# TASK TO CARRY OUT:
Within the entries below, find the portion that opens with the line containing "Men at the windows" and closes with the line containing "All-new 2015 Chrysler". Retype that portion exactly and only.

MATERIALS PROVIDED: Begin

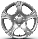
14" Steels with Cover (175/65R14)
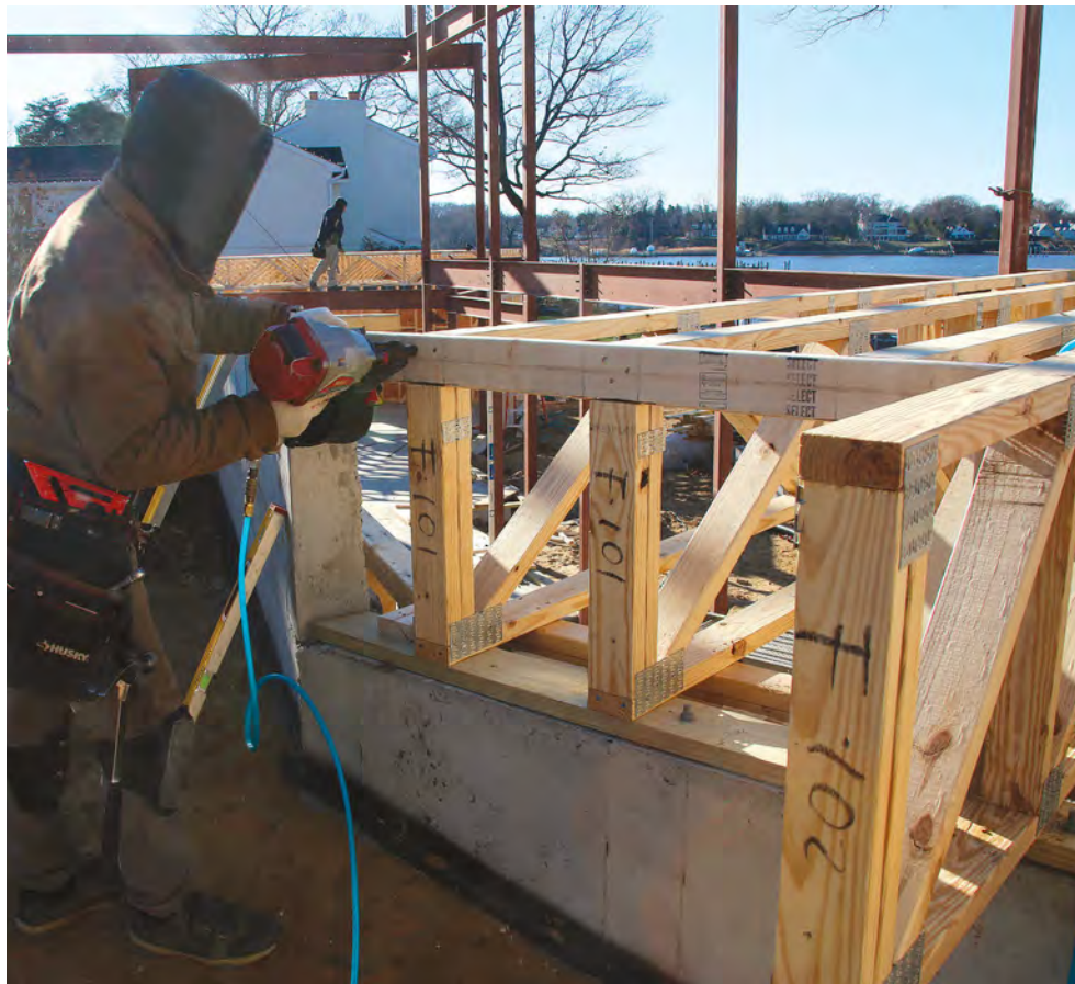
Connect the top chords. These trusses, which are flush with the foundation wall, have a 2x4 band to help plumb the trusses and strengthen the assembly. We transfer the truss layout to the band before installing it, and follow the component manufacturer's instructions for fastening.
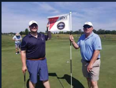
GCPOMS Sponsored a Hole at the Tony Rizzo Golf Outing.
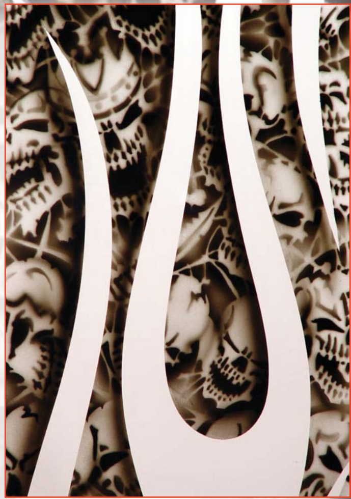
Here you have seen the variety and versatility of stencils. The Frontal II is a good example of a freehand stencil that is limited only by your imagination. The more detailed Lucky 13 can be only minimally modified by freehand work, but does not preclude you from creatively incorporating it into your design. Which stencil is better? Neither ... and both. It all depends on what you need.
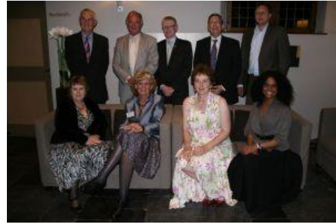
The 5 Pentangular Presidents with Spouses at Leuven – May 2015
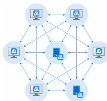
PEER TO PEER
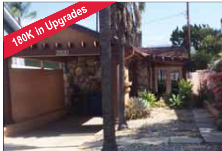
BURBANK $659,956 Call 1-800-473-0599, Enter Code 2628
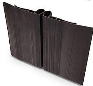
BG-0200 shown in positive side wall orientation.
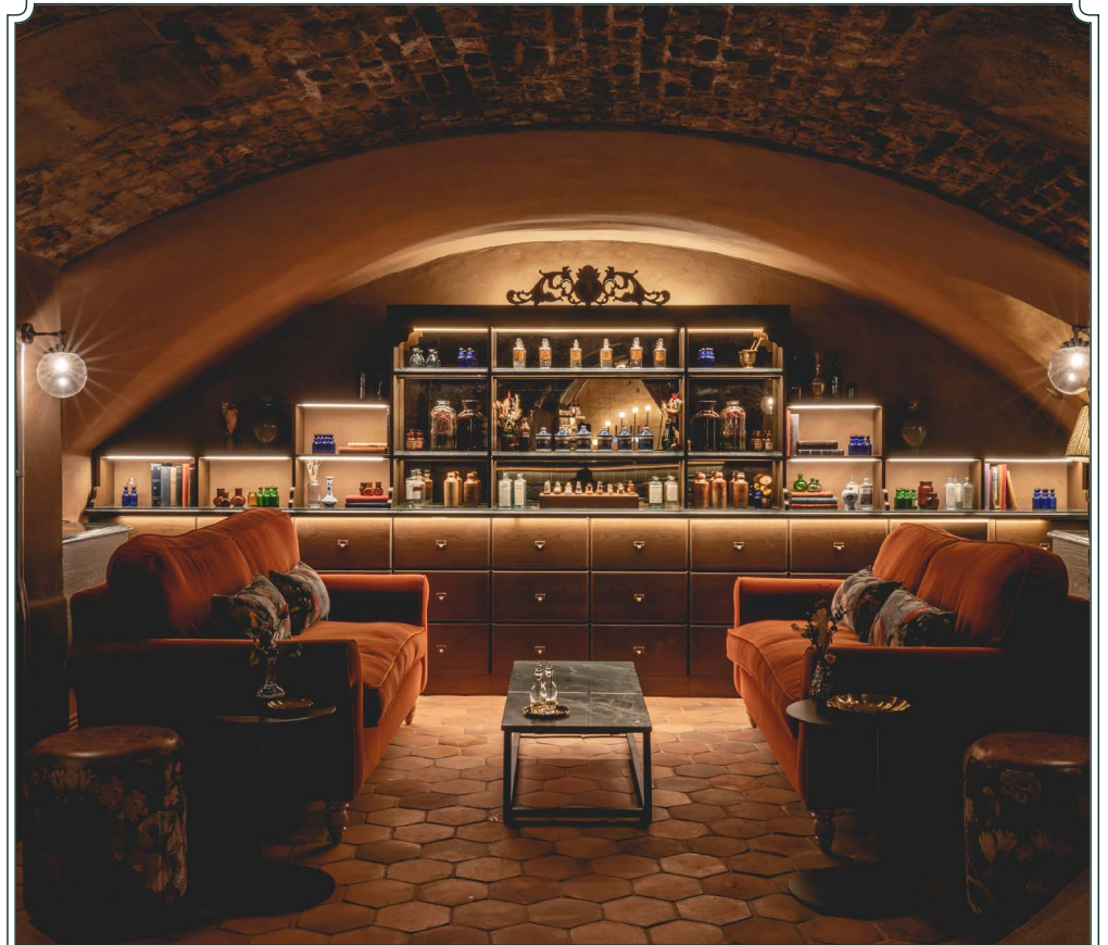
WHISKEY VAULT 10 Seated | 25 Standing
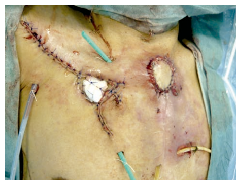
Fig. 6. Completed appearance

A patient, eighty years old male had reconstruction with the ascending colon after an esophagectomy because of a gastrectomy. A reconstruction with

MATERIALS PROVIDED: End
MATERIALS PROVIDED: Begin

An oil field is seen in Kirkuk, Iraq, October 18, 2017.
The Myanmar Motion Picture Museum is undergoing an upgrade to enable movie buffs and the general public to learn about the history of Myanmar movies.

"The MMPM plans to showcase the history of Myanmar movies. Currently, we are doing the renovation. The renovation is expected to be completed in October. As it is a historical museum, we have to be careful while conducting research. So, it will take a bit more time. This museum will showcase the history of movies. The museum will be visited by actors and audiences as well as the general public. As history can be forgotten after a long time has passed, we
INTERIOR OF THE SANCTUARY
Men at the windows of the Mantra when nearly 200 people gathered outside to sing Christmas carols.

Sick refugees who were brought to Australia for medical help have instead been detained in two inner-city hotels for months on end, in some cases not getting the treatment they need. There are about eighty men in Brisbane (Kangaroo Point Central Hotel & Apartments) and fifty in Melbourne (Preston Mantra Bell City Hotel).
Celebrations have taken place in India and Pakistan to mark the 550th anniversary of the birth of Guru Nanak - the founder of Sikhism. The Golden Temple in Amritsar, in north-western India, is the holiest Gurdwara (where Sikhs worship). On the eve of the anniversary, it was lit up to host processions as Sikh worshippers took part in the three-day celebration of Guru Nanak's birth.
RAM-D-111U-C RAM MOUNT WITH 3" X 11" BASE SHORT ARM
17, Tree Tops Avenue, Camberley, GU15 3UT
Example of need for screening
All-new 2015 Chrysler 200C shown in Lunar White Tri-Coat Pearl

MATERIALS PROVIDED: End

# EXERCISE ANSWER:
Men at the windows of the Mantra when nearly 200 people gathered outside to sing Christmas carols.

Sick refugees who were brought to Australia for medical help have instead been detained in two inner-city hotels for months on end, in some cases not getting the treatment they need. There are about eighty men in Brisbane (Kangaroo Point Central Hotel & Apartments) and fifty in Melbourne (Preston Mantra Bell City Hotel).
Celebrations have taken place in India and Pakistan to mark the 550th anniversary of the birth of Guru Nanak - the founder of Sikhism. The Golden Temple in Amritsar, in north-western India, is the holiest Gurdwara (where Sikhs worship). On the eve of the anniversary, it was lit up to host processions as Sikh worshippers took part in the three-day celebration of Guru Nanak's birth.
RAM-D-111U-C RAM MOUNT WITH 3" X 11" BASE SHORT ARM
17, Tree Tops Avenue, Camberley, GU15 3UT
Example of need for screening
All-new 2015 Chrysler 200C shown in Lunar White Tri-Coat Pearl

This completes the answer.